Calculate how much time has passed between each frame using the system clock and move the pacman by an amount proportional to that.
Doing the above will mean that if the system is "laggy," it will simply show fewer frames per second, rather than actually moving everything slower.
As I feared, you're basing the distance moved on the time chunk from the Timer. You shouldn't do this as all timers can be variable and unreliable, especially with small time chunks. Better to base movement on difference in system time. So yes, use a Timer or something to run your "game loop", but know the sprite's position and velocity using doubles, and calculate the distance to move based on velocity vector (math vector not Java Vector) * difference in system time. That way if the timer is delayed by say garbage collection, making the time chunk larger, the distance moved will be correspondingly greater and will look smoother.

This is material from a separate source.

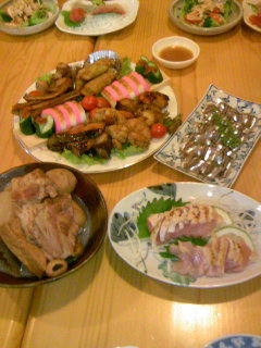 左から…豚骨の煮物、地鶏のお刺身、きびなごのお刺身。真ん中は、まぁ普通に(笑)おつまみ盛り合わせで~すo(^-^)o
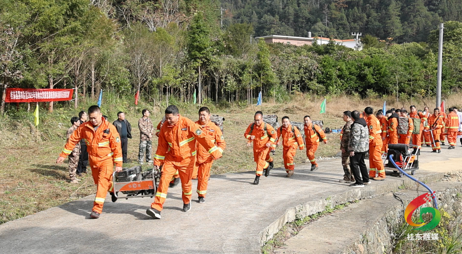 桂东县融媒体中心12月5日讯(记者 李涛 通讯员 崔健)为全面提升区域森林消防协同作战能力,筑牢森林安全防线,12月4日,第四片区湖南八面山国家级自然保护区管理局(宋坪国有林场)、四都镇、青山乡联合开展森林消防应急演练。县级领导黄志宏、陈晓霞到场观摩指导。

You should look into creating a proper "main loop" or "game loop" as some call it. Take a look at the game structure part of this wikipedia article.. Basically those input events are happening\invoked from a separate thread than the main thread and they are directly modifying geometry of in game objects. Instead consider something like this for a main loop:
loop:
process collision detection
process animation (alters geometry of game objects)
process input (more on this later)
any other game specific logic
render screen
your process input could be something like this
if (globalInputObject.movingUp==true) {
hero.y -= 10;
}
if (globalInputObject.movingDown==true) {
hero.y += 10;
}
if (globalInputObject.movingLeft==true) {
hero.x -= 10;
}
if (globalInputObject.movingRight==true) {
hero.x += 10;
}
and your input handler would look something like this:
public void actionPerformed(ActionEvent evt) {
if (evt.button==UP_BUTTON) {
globalInputObject.movingUp=true;
}
if (evt.button==DOWN_BUTTON) {
globalInputObject.movingDown=true;
}
if (evt.button==LEFT_BUTTON) {
globalInputObject.movingLeft=true;
}
if (evt.button==RIGHT_BUTTON) {
globalInputObject.movingRight=true;
}
}
Basically the processing that you're doing in your "extra" threads (input thread) is minimal and therefore doesn't interfere with your main thread. Also, this method has the benefied of easily supporting multiple directions simultaneously (ie: UP+RIGHT = diagonal).
Only super high end games have more than a single thread (if they even need it at all). Dealing with synchronisation in a game is not good for performance.